Saved entries:

__________________________________________________

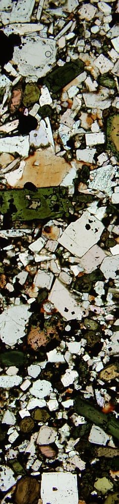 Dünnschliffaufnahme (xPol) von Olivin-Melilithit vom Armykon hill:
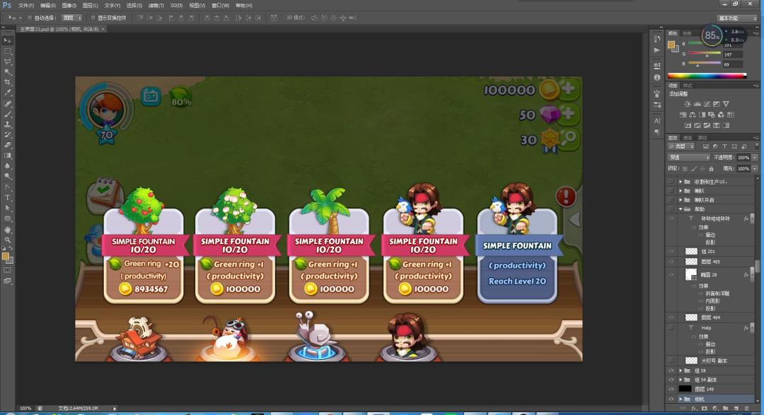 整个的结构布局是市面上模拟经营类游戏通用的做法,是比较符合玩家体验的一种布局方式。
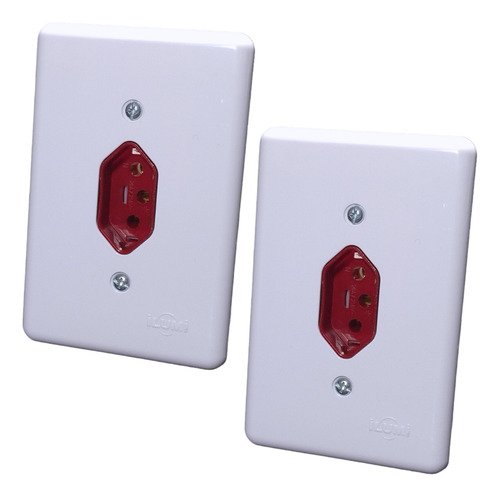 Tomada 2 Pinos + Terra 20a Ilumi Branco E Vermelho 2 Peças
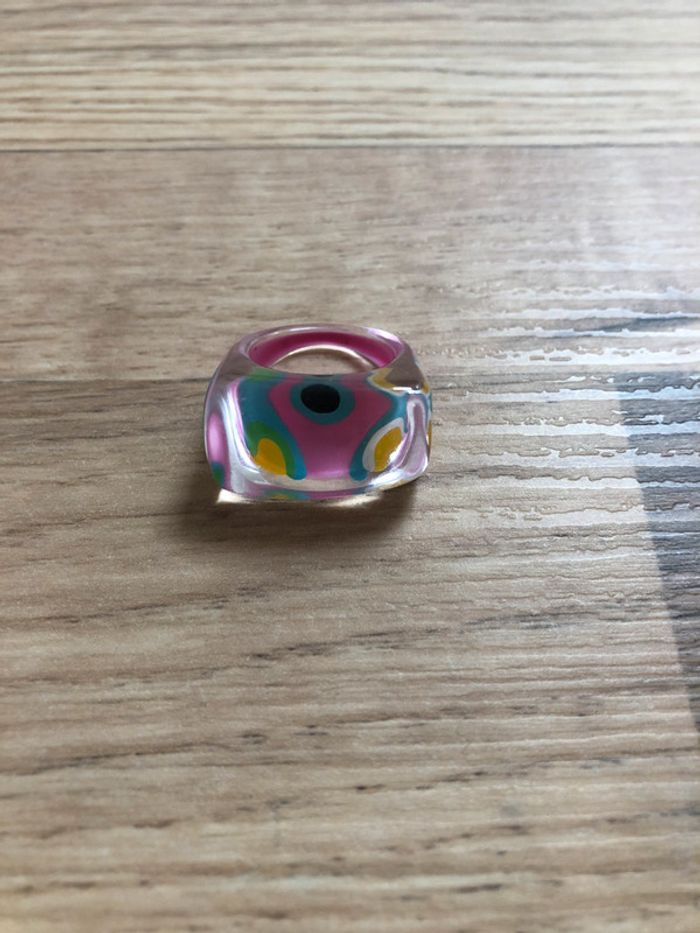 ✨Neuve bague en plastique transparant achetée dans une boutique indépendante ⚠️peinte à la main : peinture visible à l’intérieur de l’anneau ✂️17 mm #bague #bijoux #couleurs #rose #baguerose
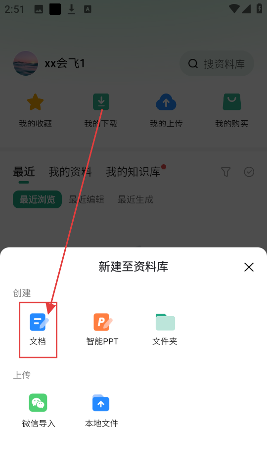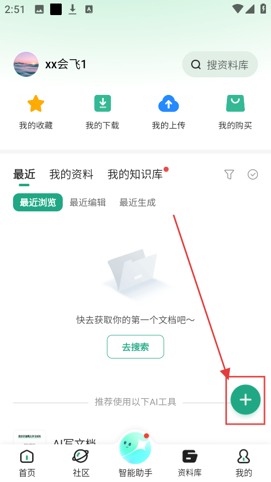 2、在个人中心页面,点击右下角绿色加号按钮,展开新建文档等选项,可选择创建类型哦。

__________________________________________________

Task statement -> Exact text is required for the lines from the one with "#couleurs #rose #baguerose" through the last line of the entries, both included. Omit pictures.

Answer box ->
 ✨Neuve bague en plastique transparant achetée dans une boutique indépendante ⚠️peinte à la main : peinture visible à l’intérieur de l’anneau ✂️17 mm #bague #bijoux #couleurs #rose #baguerose
 2、在个人中心页面,点击右下角绿色加号按钮,展开新建文档等选项,可选择创建类型哦。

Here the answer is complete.